EXERCISE
Please output, exactly and without pictures, the lines from the opening of the listing below through the line containing "काठमाडौं। माछापुच्छ्रे बैंक", both included.

(EXERCISE DATA Opens)

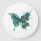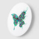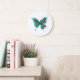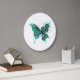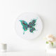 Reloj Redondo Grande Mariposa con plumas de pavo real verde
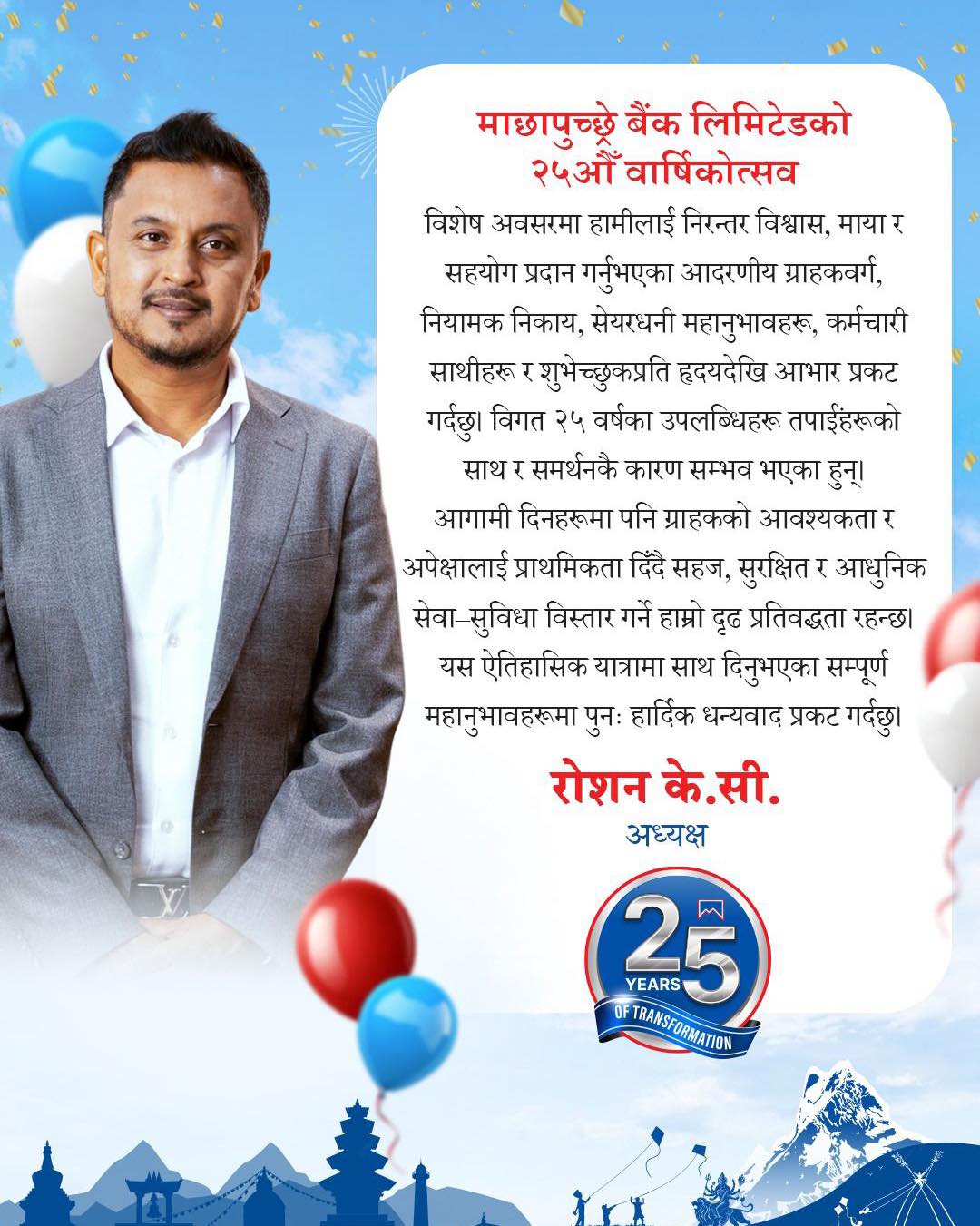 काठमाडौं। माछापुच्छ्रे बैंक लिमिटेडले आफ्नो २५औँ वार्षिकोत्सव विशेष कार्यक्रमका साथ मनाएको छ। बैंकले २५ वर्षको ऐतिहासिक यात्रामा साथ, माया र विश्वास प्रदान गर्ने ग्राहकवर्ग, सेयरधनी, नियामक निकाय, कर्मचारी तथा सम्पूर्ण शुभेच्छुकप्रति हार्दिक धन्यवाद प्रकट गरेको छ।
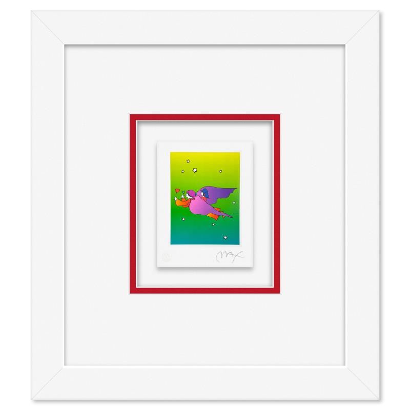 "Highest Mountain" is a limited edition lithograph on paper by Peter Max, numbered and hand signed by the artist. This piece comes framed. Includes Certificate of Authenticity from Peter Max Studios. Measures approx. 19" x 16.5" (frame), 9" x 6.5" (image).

(EXERCISE DATA Closes)

RESULT OF THIS EXERCISE
 Reloj Redondo Grande Mariposa con plumas de pavo real verde
 काठमाडौं। माछापुच्छ्रे बैंक लिमिटेडले आफ्नो २५औँ वार्षिकोत्सव विशेष कार्यक्रमका साथ मनाएको छ। बैंकले २५ वर्षको ऐतिहासिक यात्रामा साथ, माया र विश्वास प्रदान गर्ने ग्राहकवर्ग, सेयरधनी, नियामक निकाय, कर्मचारी तथा सम्पूर्ण शुभेच्छुकप्रति हार्दिक धन्यवाद प्रकट गरेको छ।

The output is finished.